TASK PROMPT: With the pictures excluded, reproduce all of the data exactly.

DATASET CONTENT:
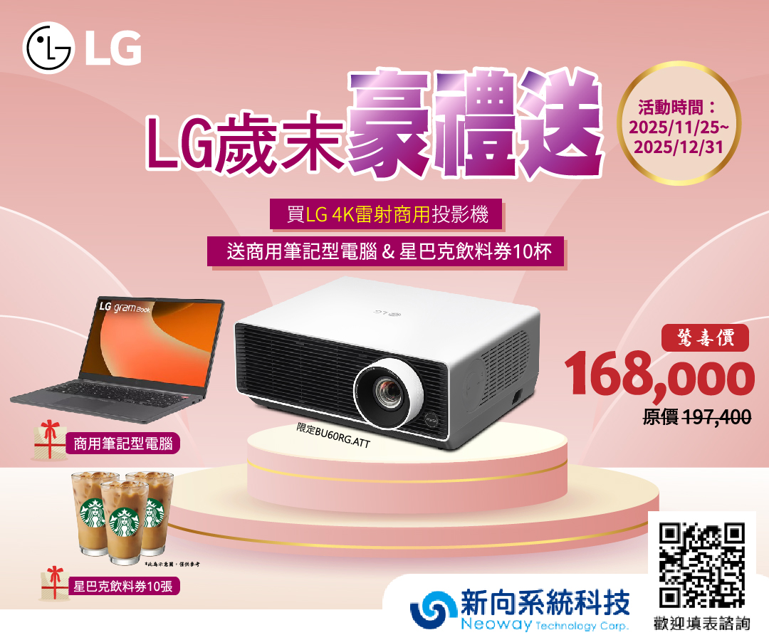 ●本活動期間 LG 商用投影機(BU60RG.ATT)購買日為 2025/11/25-2025/12/31。
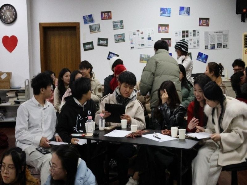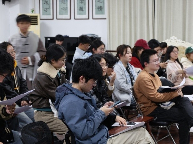 从观众到演员,从椅凳到场上,同学们踊跃参与演绎,全员一同体会戏剧的魅力。有人攥紧稿纸嘶吼“太阳升起来了,黑暗留在后面”;有人低头轻念“钱是冰冷的,爱人的手是热的”。不少同学高举双手,展现排练结果,我们看到称赞白露“美艳”“肉感”俗不可耐的顾八奶奶重现,我们看到潘月亭与李石清激烈的争吵。当掌声漫过舞台,有参与者感叹:“念出台词的瞬间,我仿佛成了戏中人”。
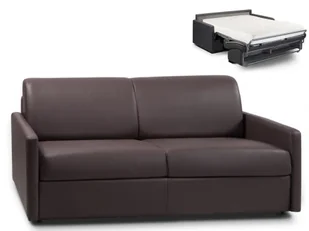 Kanapa 3-osobowa z ekspresowym mechanizmem rozkładania z ekoskóry CALIFE - Kolor: brązowy - Wymiary miejsca do spania: 140 cm - Materac 18 cm
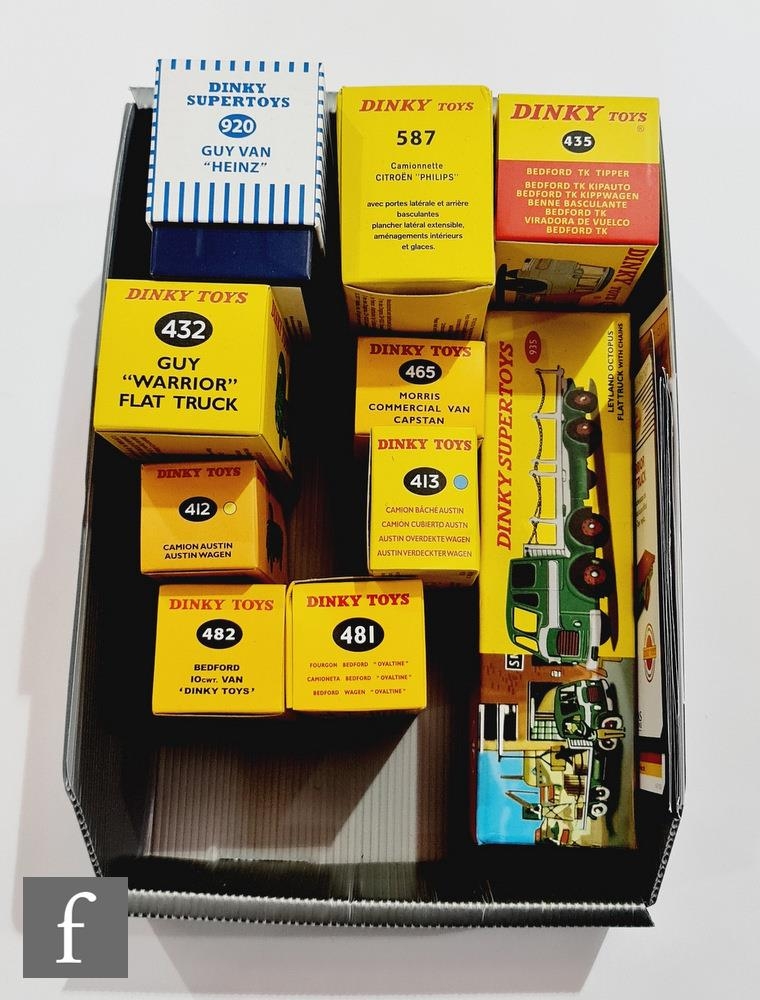 A collection of ten Atlas Editions Dinky diecast models, all commercial vehicles, to include 920 Heinz Guy Van, 413 Austin Covered Wagon, 482 Dinky Toys Bedford Van, 465 Capstan Morris Wagon, etc., all boxed, most with certificates.

RESULT:
 ●本活動期間 LG 商用投影機(BU60RG.ATT)購買日為 2025/11/25-2025/12/31。
 从观众到演员,从椅凳到场上,同学们踊跃参与演绎,全员一同体会戏剧的魅力。有人攥紧稿纸嘶吼“太阳升起来了,黑暗留在后面”;有人低头轻念“钱是冰冷的,爱人的手是热的”。不少同学高举双手,展现排练结果,我们看到称赞白露“美艳”“肉感”俗不可耐的顾八奶奶重现,我们看到潘月亭与李石清激烈的争吵。当掌声漫过舞台,有参与者感叹:“念出台词的瞬间,我仿佛成了戏中人”。
 Kanapa 3-osobowa z ekspresowym mechanizmem rozkładania z ekoskóry CALIFE - Kolor: brązowy - Wymiary miejsca do spania: 140 cm - Materac 18 cm
 A collection of ten Atlas Editions Dinky diecast models, all commercial vehicles, to include 920 Heinz Guy Van, 413 Austin Covered Wagon, 482 Dinky Toys Bedford Van, 465 Capstan Morris Wagon, etc., all boxed, most with certificates.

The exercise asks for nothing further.